## PROBLEM DESCRIPTION:
Print the listing below a second time, exactly, and omit its images.

-----

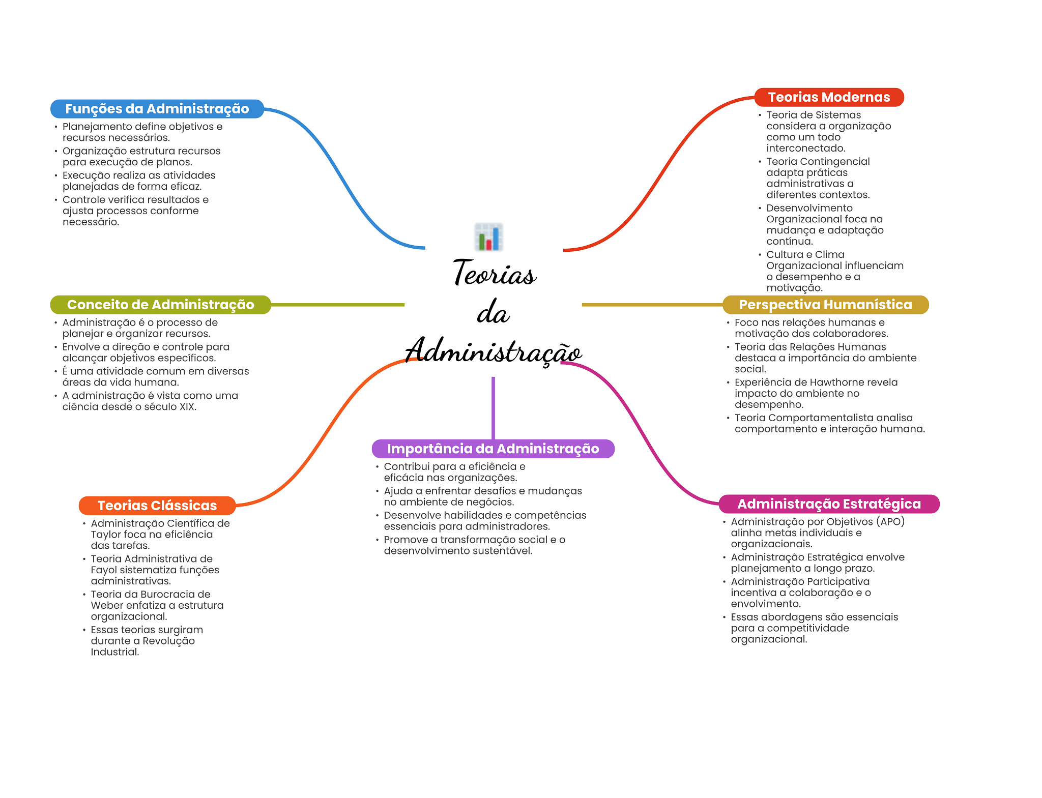 Teorias Modernas Funções da Administração Teoria de Sistemas Planejamento define objetivos e considera a organização recursos necessários. como um todo Organização estrutura recursos interconectado. para execução de planos. Teoria Contingencial Execução realiza as atividades adapta práticas planejadas de forma eficaz. administrativas a Controle verifica resultados e diferentes contextos. ajusta processos conforme Desenvolvimento necessário. Organizacional foca na mudança e adaptação contínua. Cultura e Clima Teorias Organizacional influenciam desempenho e a motivação. Conceito de Administração da Perspectiva Humanística Administração é processo de Foco nas relações humanas e planejar e organizar recursos. motivação dos colaboradores. Envolve a direção e controle para Administração Teoria das Relações Humanas alcançar objetivos específicos. destaca a importância do ambiente É uma atividade comum em diversas social. áreas da vida humana. Experiência de Hawthorne revela A administração é vista como uma impacto do ambiente no ciência desde século XIX. desempenho. Teoria Comportamentalista analisa comportamento e interação humana. Importância da Administração Contribui para a eficiência e eficácia nas organizações. Ajuda a enfrentar desafios e mudanças Teorias Clássicas no ambiente de negócios. Administração Estratégica Desenvolve habilidades e competências Administração Científica de essenciais para administradores. Administração por Objetivos (APO) Taylor foca na eficiência alinha metas individuais e das tarefas. Promove a transformação social e organizacionais. desenvolvimento sustentável. Teoria Administrativa de Administração Estratégica envolve Fayol sistematiza funções planejamento a longo prazo. administrativas. Administração Participativa Teoria da Burocracia de incentiva a colaboração e Weber enfatiza a estrutura envolvimento. organizacional. Essas abordagens são essenciais Essas teorias surgiram para a competitividade durante a Revolução organizacional. Industrial.
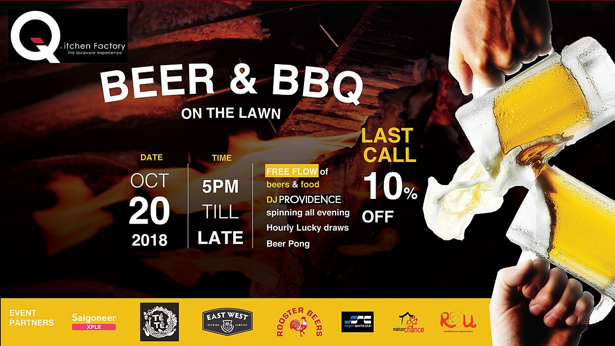 From the organizer: BEER & BBQ ON THE LAWN, a one-of-a-kind outdoor party featuring the best craft beers in Saigon and BBQ food created by Q.itchen Factory.
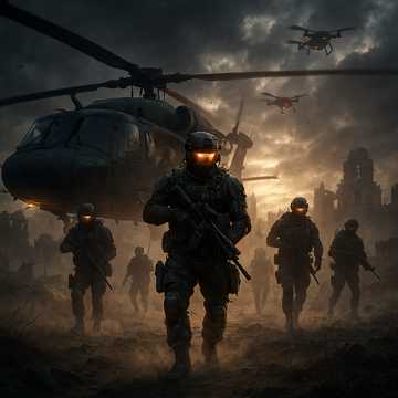 Electronic/Cinematic Hybrid Instrumental • A modern interpretation of war-themed game music • Begins mid-tempo with tactical rhythm and suspenseful atmosphere • Gradually builds toward a faster, thrilling and energetic climax • Combines deep bass textures, cinematic synth layers, military-style percussion, and tension-driven sound design • Music that is both breathtaking and motivating, capturing duty, precision, and the brilliance of elite forces • Designed for the landing scene of a military unit deep in enemy territory • Inspires awe while enhancing the high-stakes drama of a classic war game setting • Features dynamic instrument transitions between sections, evolving tonal palettes, and tension-based rhythmic development • Includes flying changes in timbre, rhythmic shape, harmonic texture, and stereo space to intensify the narrative arc
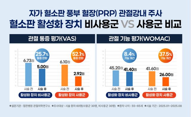이에 힘찬병원 관절의학연구소는 2025년 1월부터 8월까지 무릎 관절염으로 자가 혈소판 풍부 혈장 관절강내 주사 치료를 받은 환자 60명(나이 55~65세)을 혈소판 활성화 장치 사용군과 비사용군으로 나눠, 시술 전후 치료 효과를 비교, 분석했다. 치료 효과는 통증 정도를 나타내는 VAS(Visual Analog Scale), 관절 기능을 평가하는 WOMAC(Western Ontario and McMaster Universities Osteoarthritis Index) 지표를 기준으로 적용했다. VAS 점수는 통증의 강도를 0~10점으로, WOMAC 점수는 관절 기능을 0~96점으로 평가하며, 둘 다 점수가 낮을수록 개선됨을 의미한다.
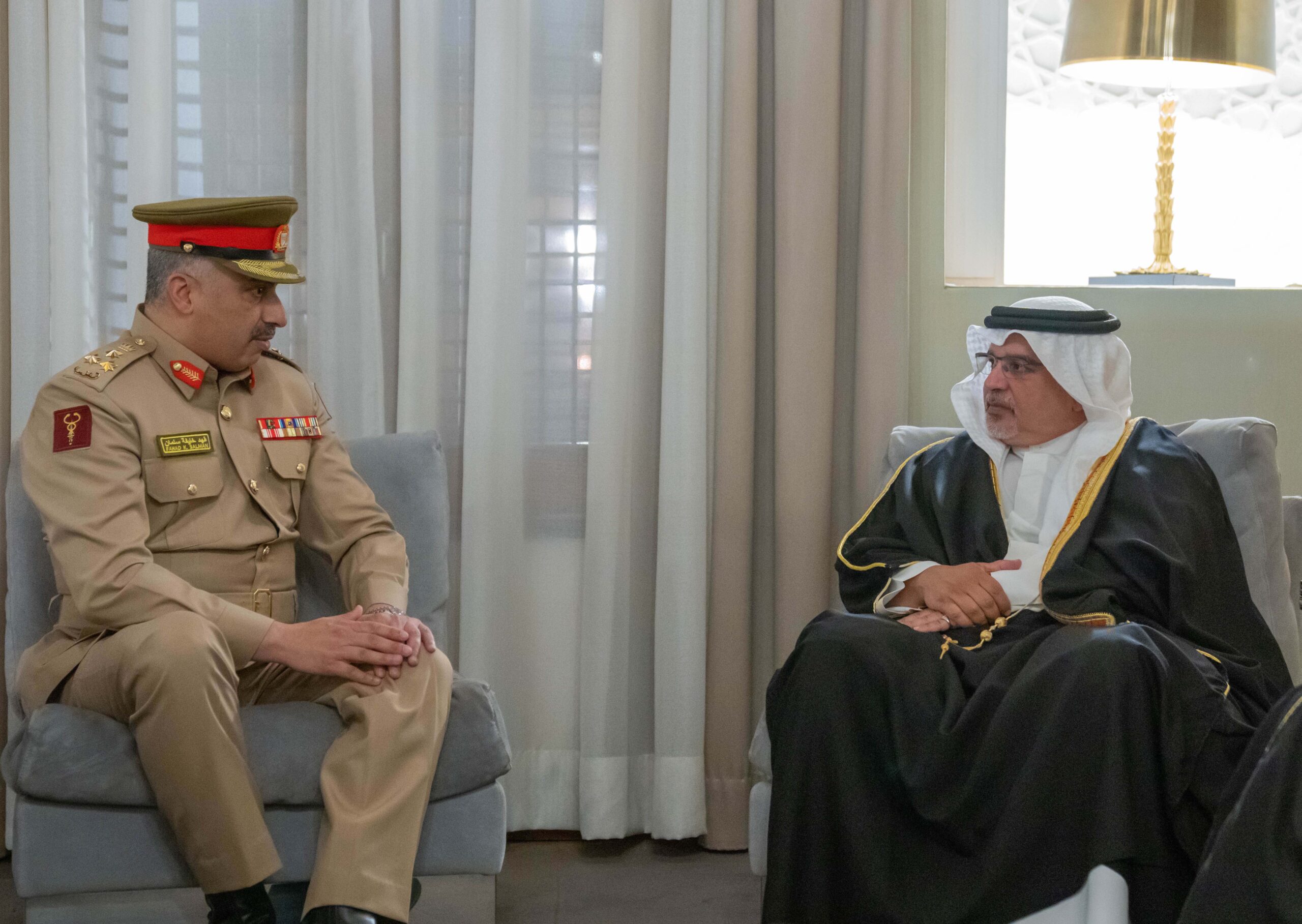 His Royal Highness Prince Salman bin Hamad Al Khalifa, the Crown Prince, Deputy Supreme Commander of the Armed Forces, and Prime Minister today met with the newly appointed Acting Commander of the Royal Medical Services, Brigadier General Doctor Shaikh Fahad bin Khalifa bin Salman Al Khalifa.
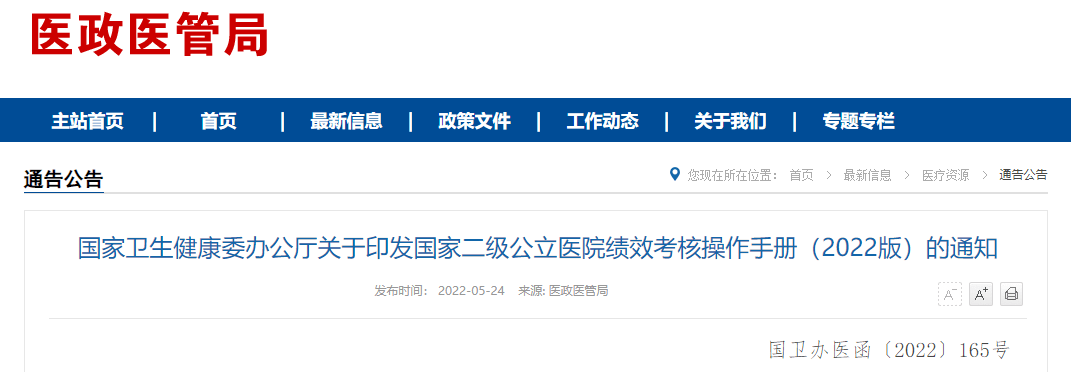 5月24日,國(guó)家衛(wèi)健委發(fā)布了《國(guó)家衛(wèi)生健康委辦公廳關(guān)于印發(fā)國(guó)家二級(jí)公立醫(yī)院績(jī)效考核操作手冊(cè)(2022版)的通知》(以下簡(jiǎn)稱通知)。
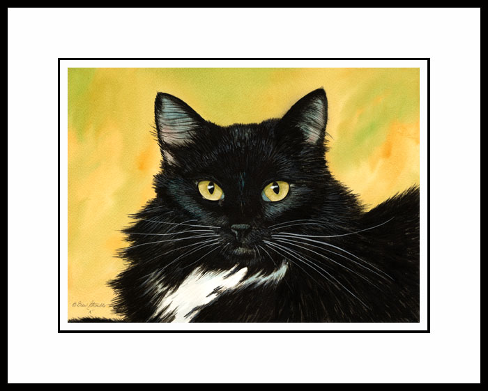 Framed Open Edition Mini print of an original Drew Strouble cat art painting of wonderfully whimsical and very colorful cats. Overall size: 9 3/4" x 11 5/8" incl. 2" mat. Each print is hand signed and titled. All prints are shrink wrapped with a white mat and foamcore backing. Black frames are high quality extruded anodized aluminum with plexiglas for safe shipping.
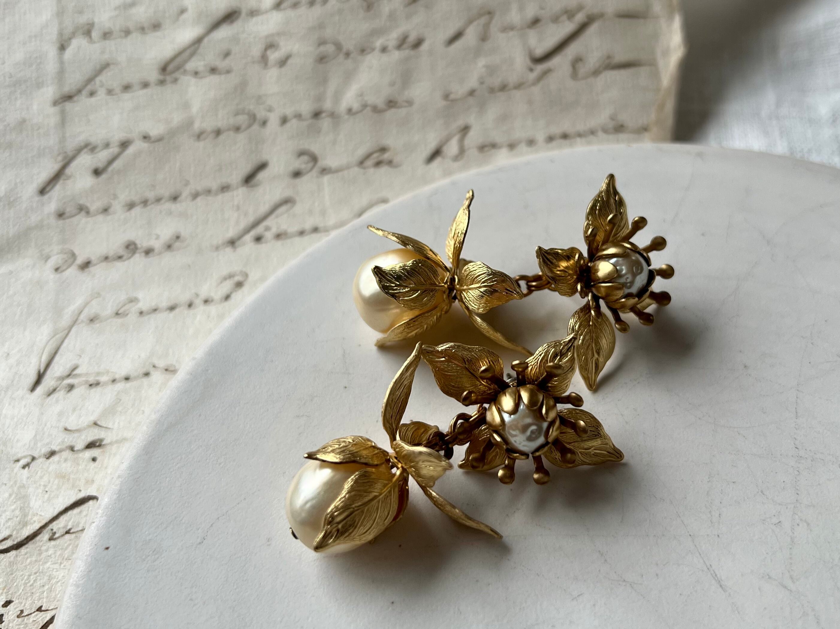 様々に重ねたボタニカルパーツとガラスパールがクラシカルで優美な雰囲気ですが、そこに少しごつめのダブルチェーンをプラスして、モードな要素も感じられるように仕上げました。
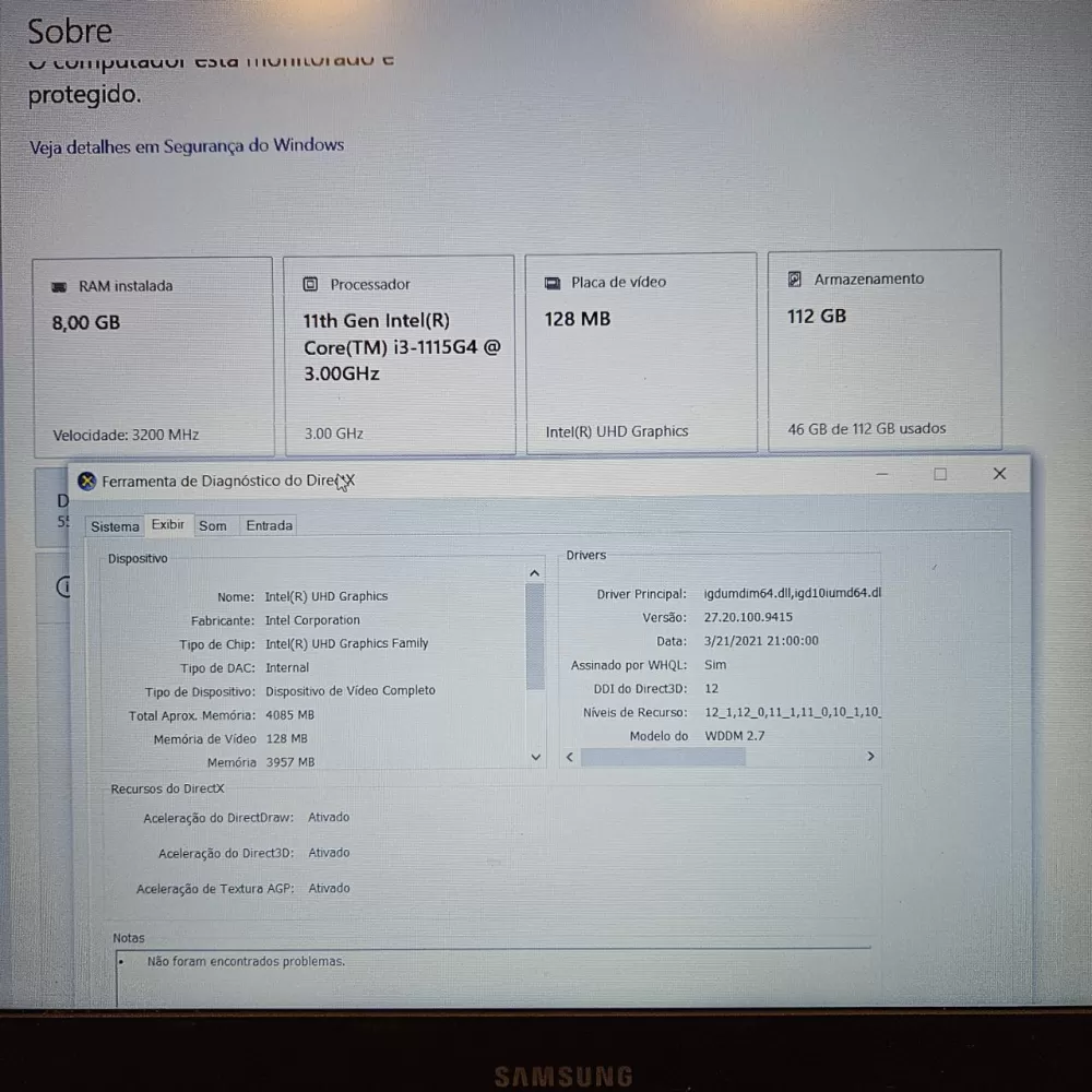 Notebook Samsung i3 11th - 8Gb Ram - SSD

-----

## RESPONSE:
 Teorias Modernas Funções da Administração Teoria de Sistemas Planejamento define objetivos e considera a organização recursos necessários. como um todo Organização estrutura recursos interconectado. para execução de planos. Teoria Contingencial Execução realiza as atividades adapta práticas planejadas de forma eficaz. administrativas a Controle verifica resultados e diferentes contextos. ajusta processos conforme Desenvolvimento necessário. Organizacional foca na mudança e adaptação contínua. Cultura e Clima Teorias Organizacional influenciam desempenho e a motivação. Conceito de Administração da Perspectiva Humanística Administração é processo de Foco nas relações humanas e planejar e organizar recursos. motivação dos colaboradores. Envolve a direção e controle para Administração Teoria das Relações Humanas alcançar objetivos específicos. destaca a importância do ambiente É uma atividade comum em diversas social. áreas da vida humana. Experiência de Hawthorne revela A administração é vista como uma impacto do ambiente no ciência desde século XIX. desempenho. Teoria Comportamentalista analisa comportamento e interação humana. Importância da Administração Contribui para a eficiência e eficácia nas organizações. Ajuda a enfrentar desafios e mudanças Teorias Clássicas no ambiente de negócios. Administração Estratégica Desenvolve habilidades e competências Administração Científica de essenciais para administradores. Administração por Objetivos (APO) Taylor foca na eficiência alinha metas individuais e das tarefas. Promove a transformação social e organizacionais. desenvolvimento sustentável. Teoria Administrativa de Administração Estratégica envolve Fayol sistematiza funções planejamento a longo prazo. administrativas. Administração Participativa Teoria da Burocracia de incentiva a colaboração e Weber enfatiza a estrutura envolvimento. organizacional. Essas abordagens são essenciais Essas teorias surgiram para a competitividade durante a Revolução organizacional. Industrial.
 From the organizer: BEER & BBQ ON THE LAWN, a one-of-a-kind outdoor party featuring the best craft beers in Saigon and BBQ food created by Q.itchen Factory.
 Electronic/Cinematic Hybrid Instrumental • A modern interpretation of war-themed game music • Begins mid-tempo with tactical rhythm and suspenseful atmosphere • Gradually builds toward a faster, thrilling and energetic climax • Combines deep bass textures, cinematic synth layers, military-style percussion, and tension-driven sound design • Music that is both breathtaking and motivating, capturing duty, precision, and the brilliance of elite forces • Designed for the landing scene of a military unit deep in enemy territory • Inspires awe while enhancing the high-stakes drama of a classic war game setting • Features dynamic instrument transitions between sections, evolving tonal palettes, and tension-based rhythmic development • Includes flying changes in timbre, rhythmic shape, harmonic texture, and stereo space to intensify the narrative arc
이에 힘찬병원 관절의학연구소는 2025년 1월부터 8월까지 무릎 관절염으로 자가 혈소판 풍부 혈장 관절강내 주사 치료를 받은 환자 60명(나이 55~65세)을 혈소판 활성화 장치 사용군과 비사용군으로 나눠, 시술 전후 치료 효과를 비교, 분석했다. 치료 효과는 통증 정도를 나타내는 VAS(Visual Analog Scale), 관절 기능을 평가하는 WOMAC(Western Ontario and McMaster Universities Osteoarthritis Index) 지표를 기준으로 적용했다. VAS 점수는 통증의 강도를 0~10점으로, WOMAC 점수는 관절 기능을 0~96점으로 평가하며, 둘 다 점수가 낮을수록 개선됨을 의미한다.
 His Royal Highness Prince Salman bin Hamad Al Khalifa, the Crown Prince, Deputy Supreme Commander of the Armed Forces, and Prime Minister today met with the newly appointed Acting Commander of the Royal Medical Services, Brigadier General Doctor Shaikh Fahad bin Khalifa bin Salman Al Khalifa.
 5月24日,國(guó)家衛(wèi)健委發(fā)布了《國(guó)家衛(wèi)生健康委辦公廳關(guān)于印發(fā)國(guó)家二級(jí)公立醫(yī)院績(jī)效考核操作手冊(cè)(2022版)的通知》(以下簡(jiǎn)稱通知)。
 Framed Open Edition Mini print of an original Drew Strouble cat art painting of wonderfully whimsical and very colorful cats. Overall size: 9 3/4" x 11 5/8" incl. 2" mat. Each print is hand signed and titled. All prints are shrink wrapped with a white mat and foamcore backing. Black frames are high quality extruded anodized aluminum with plexiglas for safe shipping.
 様々に重ねたボタニカルパーツとガラスパールがクラシカルで優美な雰囲気ですが、そこに少しごつめのダブルチェーンをプラスして、モードな要素も感じられるように仕上げました。
 Notebook Samsung i3 11th - 8Gb Ram - SSD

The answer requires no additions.